J.M.: Do you see any signs that the fever of market fundamentalist ideology is beginning to break?
E.C.: I think so, because as far as I can tell, the leadership of both parties no longer buys this mythology of unregulated capitalism. The Trump Administration imposed tariffs on Chinese goods and on other countries as well, and the Biden administration kept them. Republicans are trying to regulate tech companies, because they think they’re being unfairly censored, even though, as far as I can tell, censorship is a red herring. But they seem to be serious about it. And there’s the Biden administration’s climate plan: instead of going with market-based solutions, they’re subsidizing desired industries and making sure that those chosen industries are national industries. They have this idea of reshoring a new green production economy. None of those are free-market ideas. So something’s changing. What it will become in the future is the part I can’t see, but I think it’s true that the market fundamentalism fever is breaking.
N.O.: Yes, although with that said, you can still find it on the pages of The Wall Street Journal. One of the things that’s tricky is that the Republican Party is kind of in a bind now, because so many of the things they’ve argued for clearly have failed. There’s this tension, because on the one hand, as Erik said, there are Republicans who like protective tariffs. And when their own interests are at stake, you certainly see conservatives and Republicans at the federal trough, just like everyone else. But at the same time, they’re still committed to this anti-government ideology. You saw that really clearly in Sarah Huckabee Sanders’s response to the State of the Union, where it was all big, bad federal government.

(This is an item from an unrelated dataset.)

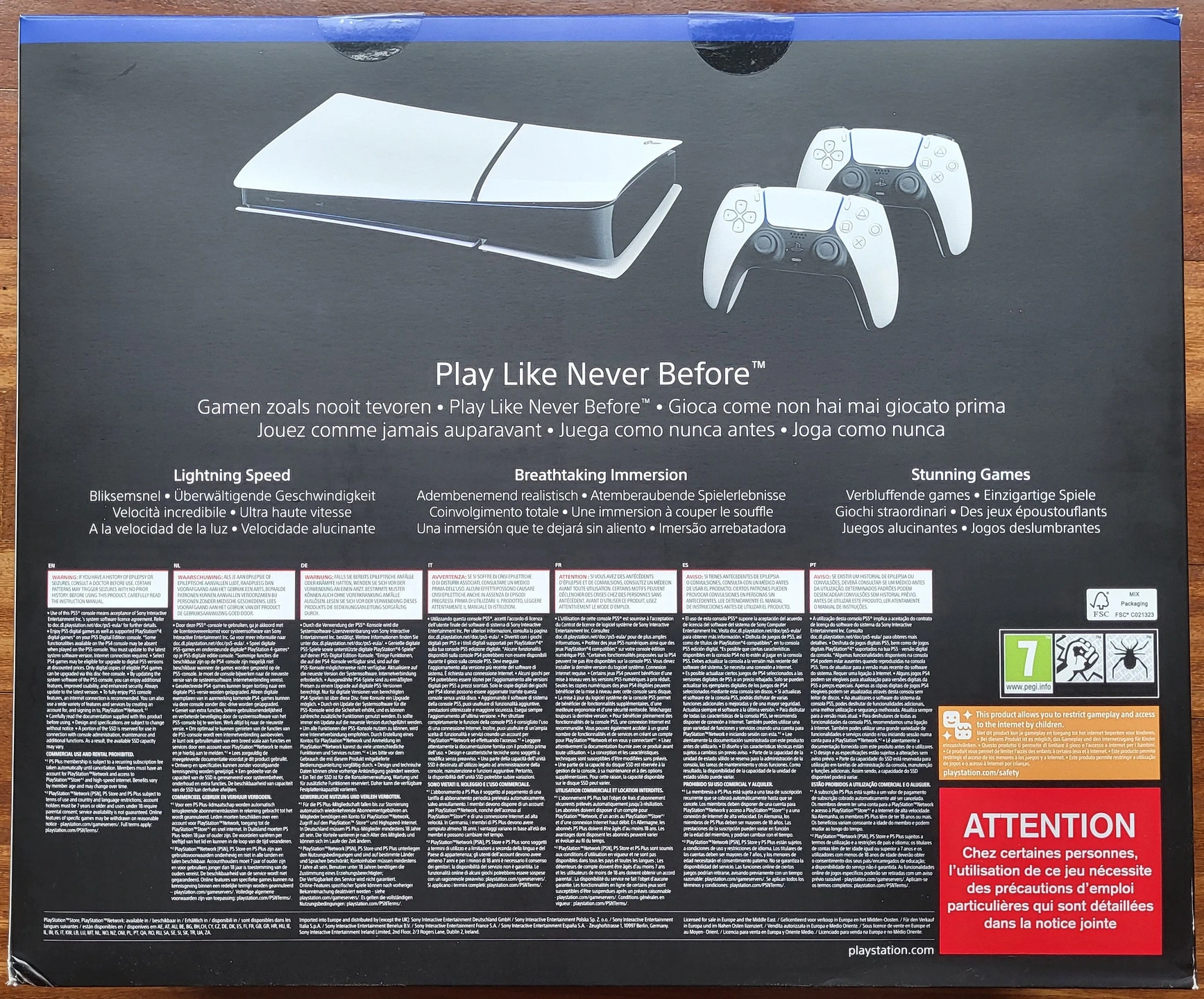 Las siguientes imágenes muestran el desempaquetado de una PlayStation 5 slim digital.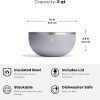 SERVING BOWL BLACK: Our stainless steel 3 quart Bowl with Lid keeps food fresh until chow time. Upgrade your tableware with this premium insulated serving bowl designed to keep every meal at the perfect temperature. This size is an ideal bowl for popcorn, fruit, soup, salads and more. INSULATED: A game changer, this insulated serving and salad bowl is sturdy, durable and keeps contents fresh. TouchShield double-wall insulation regulates temperatures while shielding hands from cold and heat transfer. PURE TASTE: Crafted of durable pro-grade stainless steel, this kicthen bowl ensures pure taste and no leftover flavor transfer. So, today’s pasta won’t have any hint of last night’s chicken salad surprise. INCLUDES LID: The press-in lid on the insulated cooking and mixing bowl keeps food contained until ready to serve. The lid fits snugly and is easy to close thanks to the simple press-in technology. DISHWASHER SAFE: Easy to use and easy to clean, wash by hand, or just toss the bowl and lid into the dishwasher. Designed for easy cleaning, this easy to clean bowl is ready for whatever culinary creation is on the menu. ? See more product details

Among Democrats, Biden is really departing from what has been the mainstream Democratic position under Obama, and before that, Clinton. Clinton really bought into the deregulatory ideology, with in some cases pretty severely bad consequences. I think a lot of people have seen the ways in which the ideology of market fundamentalism has failed us. Climate change is the obvious issue, but there’s also the opioid crisis, the lack of affordable housing in major American cities, income inequality, and so many other examples of where these policies haven’t worked.